'This Week' Transcript: Health and Human Services Secretary Kathleen Sebelius and Senate Minority Leader Mitch McConnell

CLARKE: You know, I'm going to keep with the Oscar themes that you've started. Do you guys remember the movie "Ishtar?" Warren Beatty, Dustin Hoffman. They spent millions and millions and millions of dollars on it, you heard so much about it. And then when people actually started seeing it, they said, this is terrible. And the longer it hangs out there, the harder it is. Politically, Republicans and Democrats are looking to say the best and worst thing that can happen for the Democrats is that they pass this. They pass it, they can say, ah, we got it done after 60 years. And then they have to defend it from now until November. And I think it will be very tough to defend a lot of the things inside that bill.

DOWD: Well, Robert, do you think this is a political problem for them? They haven't been able to talk about jobs. Or do you think once they have passed this bill, they can quickly turn to jobs and the economy, which is what the American public seems to care about?

REICH: You know, Matt, it is possible to talk about two things at the same time. And the American public is capable of thinking about that, and two things.
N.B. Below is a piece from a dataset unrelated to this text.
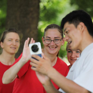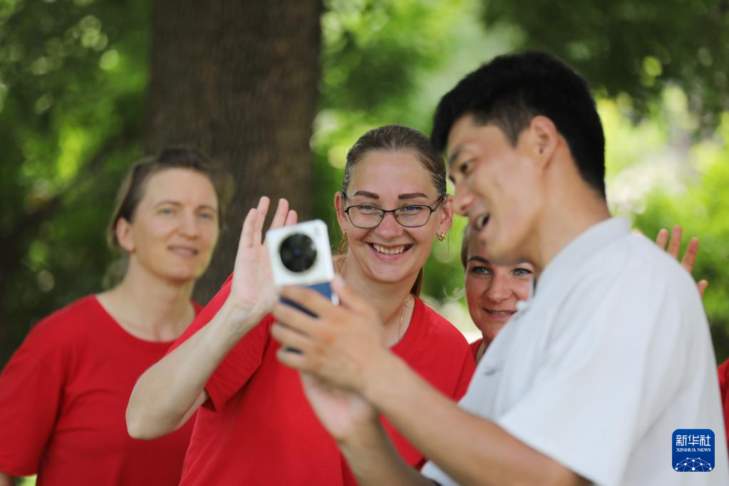 8月16日,在河南省焦作市温县陈家沟,太极拳师郑赢全和拉脱维亚学员分享交流。

Look, jobs is certainly the issue of this year and maybe next. But health care is the issue of our time, our era. And this is the opportunity to finally do something about it. The health insurers are not -- George, you said that they're popular and every likes their health insurer. They like their doctor. They hate their health insurer. And health insurance is going up in terms of rates, 20, 30, 40, 50 percent in many states. In fact, Goldman Sachs just this past week has said to its many of its investors, invest in some insurance companies because they don't have competition, and they are -- they have -- they are exhibiting huge profits.

That's money directly out of the pockets of Americans.

DOWD: George.

WILL: A, you say they have huge profits. As you know, confiscate all the profits of all the health insurance companies, with those profits, you could finance our health care for 48 hours. What you do for the next 363 days, I don't know. Second, you say there's not enough competition? Fine, let them compete in a national market across state line.
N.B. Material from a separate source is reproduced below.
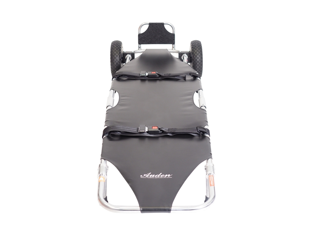 The Stair Stretcher Pro is a new design which allows the user to remove the stair-climber wheels using the quick release button system. This lightweight funeral stretcher is robust enough for most removals and benefits from having a contoured foot end to aid manoeuvrability in tight spaces. The clever tri-wheel assembly has been neatly brought into the frame width allowing controlled descent of almost any stairs at any angle.

REICH: Yes, let them compete across state lines. Fine. But not a race to the bottom. Set minimum federal standards. Because we've seen over and over again, that the recipients of health insurance don't know what they're buying, very often. Until there are common standards, minimum standards, then people are going to--

(CROSSTALK)

REICH: And that's what's happened over and over again.

WILL: There you have the premise of this legislation and the core of today's liberalism. The American people are such dopes, they can't be counted upon to buy their own insurance.

REICH: They're not dopes. They've been taken. It's just like finance regulation.

DOWD: Donna, on insurance companies, do you think what the president and Kathleen Sebelius has done in the last week, is this purely politics? Everybody hates insurance companies, let's beat up on them? Or is there policy involved here?